| DIRECTIONS FOR THIS TASK |
What's needed is an exact copy of the lines from the one that contains "The Basic and" to the end of the data below, leaving the pictures out.

-- DATA TO USE follows --

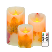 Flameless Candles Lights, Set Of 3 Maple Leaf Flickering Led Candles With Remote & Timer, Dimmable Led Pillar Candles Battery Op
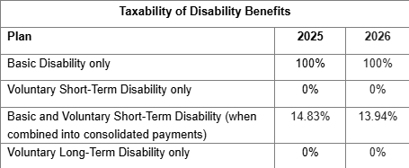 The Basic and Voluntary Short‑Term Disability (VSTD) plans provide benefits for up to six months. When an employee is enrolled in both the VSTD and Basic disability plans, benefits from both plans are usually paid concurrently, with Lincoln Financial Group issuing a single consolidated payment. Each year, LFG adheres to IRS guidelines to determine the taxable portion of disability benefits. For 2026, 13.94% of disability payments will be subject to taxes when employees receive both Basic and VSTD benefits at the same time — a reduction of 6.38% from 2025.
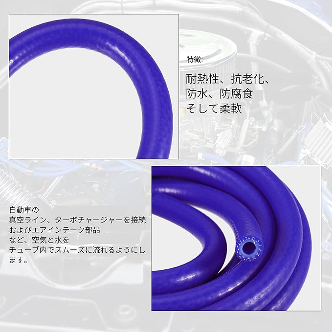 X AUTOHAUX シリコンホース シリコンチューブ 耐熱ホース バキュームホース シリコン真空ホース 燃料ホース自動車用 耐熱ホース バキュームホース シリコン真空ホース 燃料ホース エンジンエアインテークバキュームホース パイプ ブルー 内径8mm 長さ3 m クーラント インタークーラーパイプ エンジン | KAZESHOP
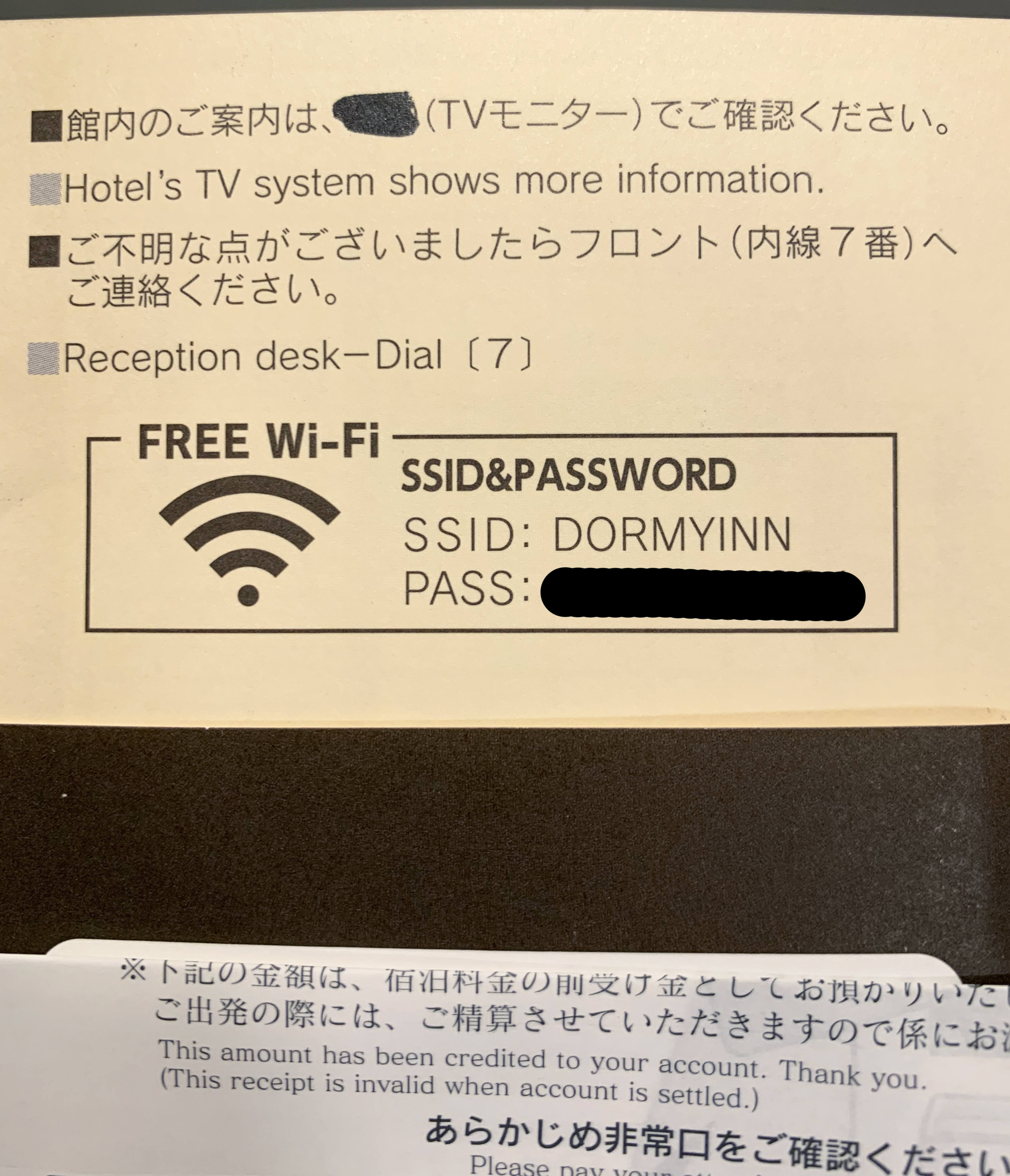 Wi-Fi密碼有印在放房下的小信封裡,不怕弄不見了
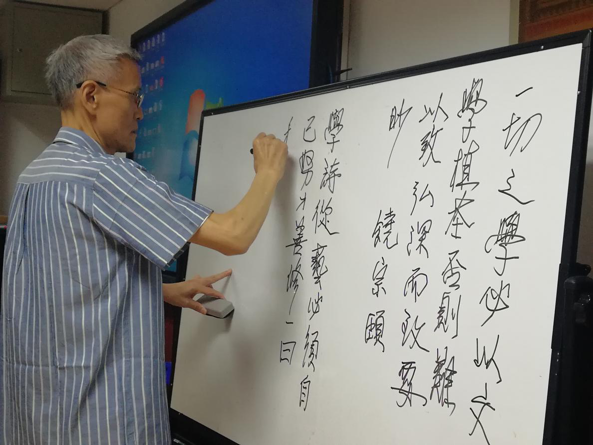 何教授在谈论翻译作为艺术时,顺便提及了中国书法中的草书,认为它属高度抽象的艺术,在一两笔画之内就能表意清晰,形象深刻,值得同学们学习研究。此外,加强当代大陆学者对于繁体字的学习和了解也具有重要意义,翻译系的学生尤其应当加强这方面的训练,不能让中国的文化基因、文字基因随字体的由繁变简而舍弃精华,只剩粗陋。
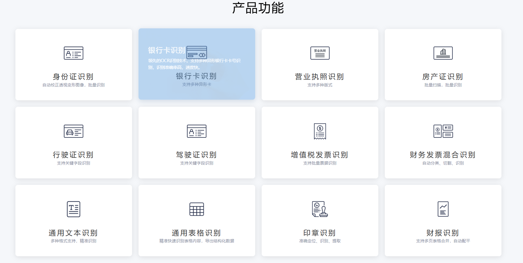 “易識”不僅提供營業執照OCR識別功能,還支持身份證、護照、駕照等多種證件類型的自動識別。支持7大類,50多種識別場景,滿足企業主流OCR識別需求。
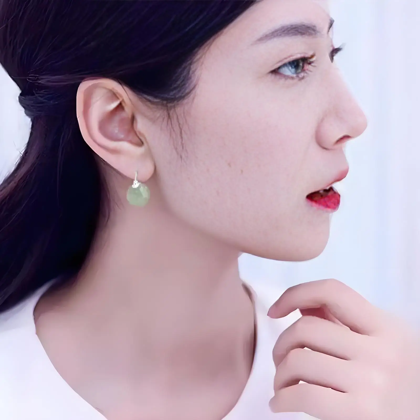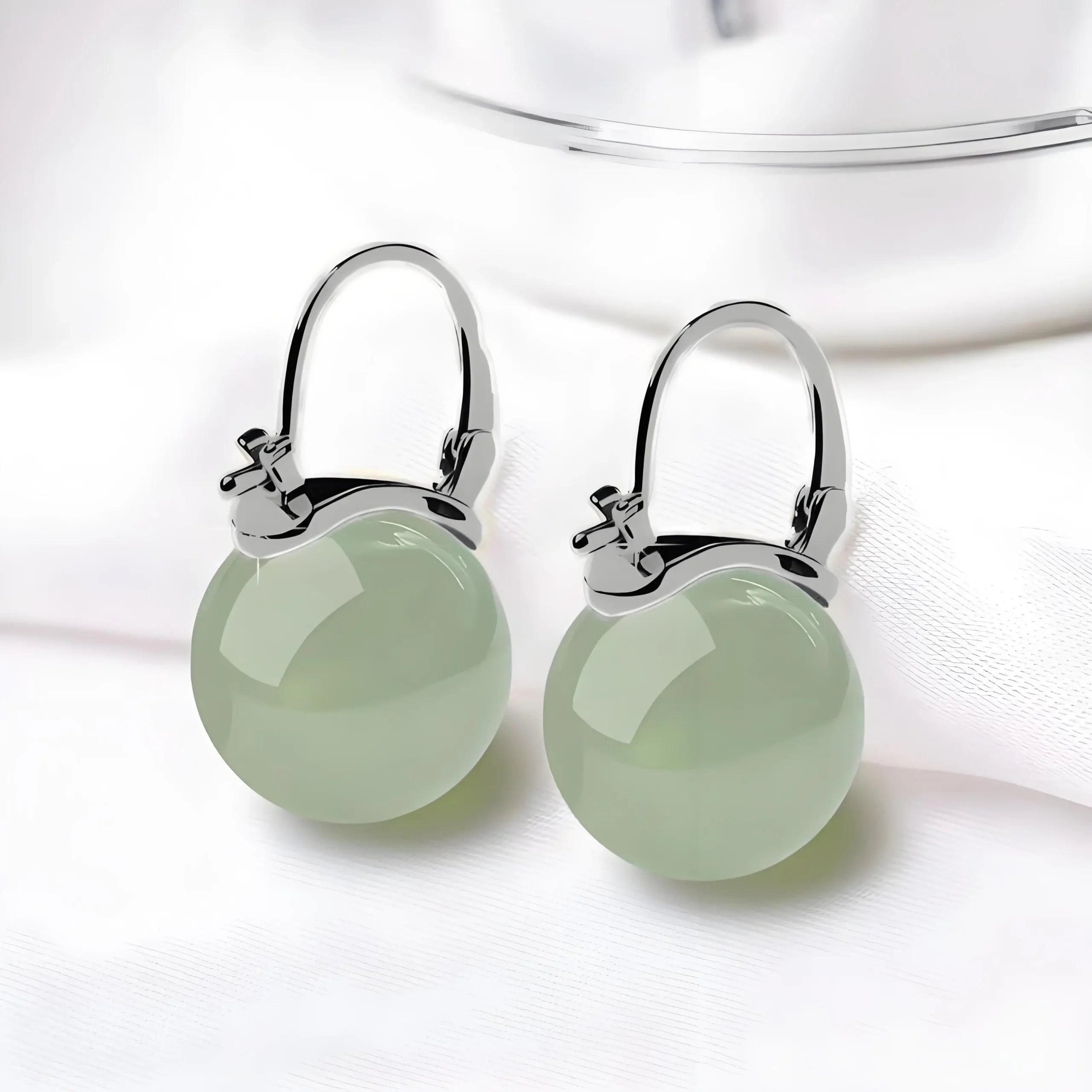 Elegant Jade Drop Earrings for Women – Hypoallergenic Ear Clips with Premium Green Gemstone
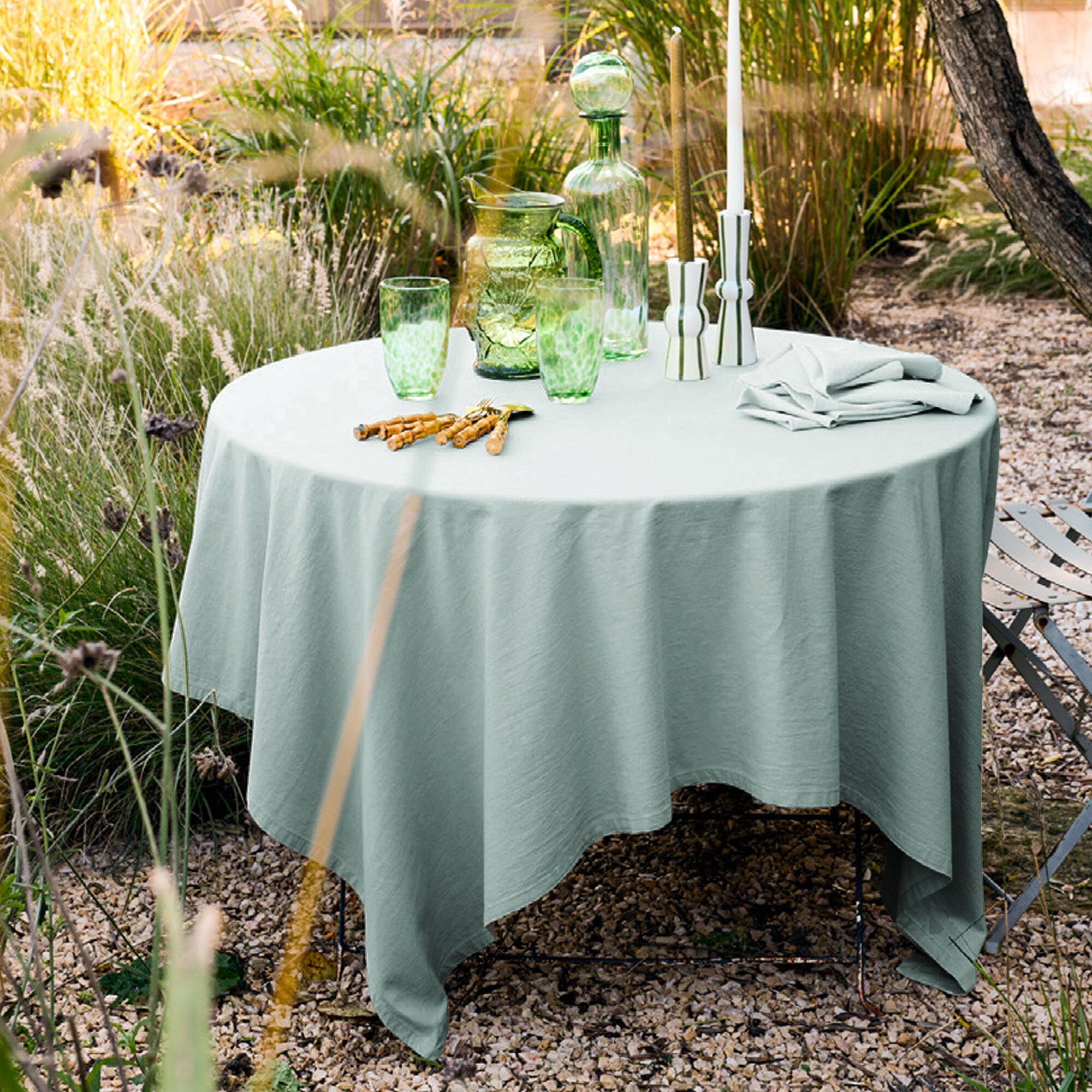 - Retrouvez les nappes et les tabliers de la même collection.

-- DATA TO USE concluded --

| FINISHED TASK |
 The Basic and Voluntary Short‑Term Disability (VSTD) plans provide benefits for up to six months. When an employee is enrolled in both the VSTD and Basic disability plans, benefits from both plans are usually paid concurrently, with Lincoln Financial Group issuing a single consolidated payment. Each year, LFG adheres to IRS guidelines to determine the taxable portion of disability benefits. For 2026, 13.94% of disability payments will be subject to taxes when employees receive both Basic and VSTD benefits at the same time — a reduction of 6.38% from 2025.
 X AUTOHAUX シリコンホース シリコンチューブ 耐熱ホース バキュームホース シリコン真空ホース 燃料ホース自動車用 耐熱ホース バキュームホース シリコン真空ホース 燃料ホース エンジンエアインテークバキュームホース パイプ ブルー 内径8mm 長さ3 m クーラント インタークーラーパイプ エンジン | KAZESHOP
 Wi-Fi密碼有印在放房下的小信封裡,不怕弄不見了
 何教授在谈论翻译作为艺术时,顺便提及了中国书法中的草书,认为它属高度抽象的艺术,在一两笔画之内就能表意清晰,形象深刻,值得同学们学习研究。此外,加强当代大陆学者对于繁体字的学习和了解也具有重要意义,翻译系的学生尤其应当加强这方面的训练,不能让中国的文化基因、文字基因随字体的由繁变简而舍弃精华,只剩粗陋。
 “易識”不僅提供營業執照OCR識別功能,還支持身份證、護照、駕照等多種證件類型的自動識別。支持7大類,50多種識別場景,滿足企業主流OCR識別需求。
 Elegant Jade Drop Earrings for Women – Hypoallergenic Ear Clips with Premium Green Gemstone
 - Retrouvez les nappes et les tabliers de la même collection.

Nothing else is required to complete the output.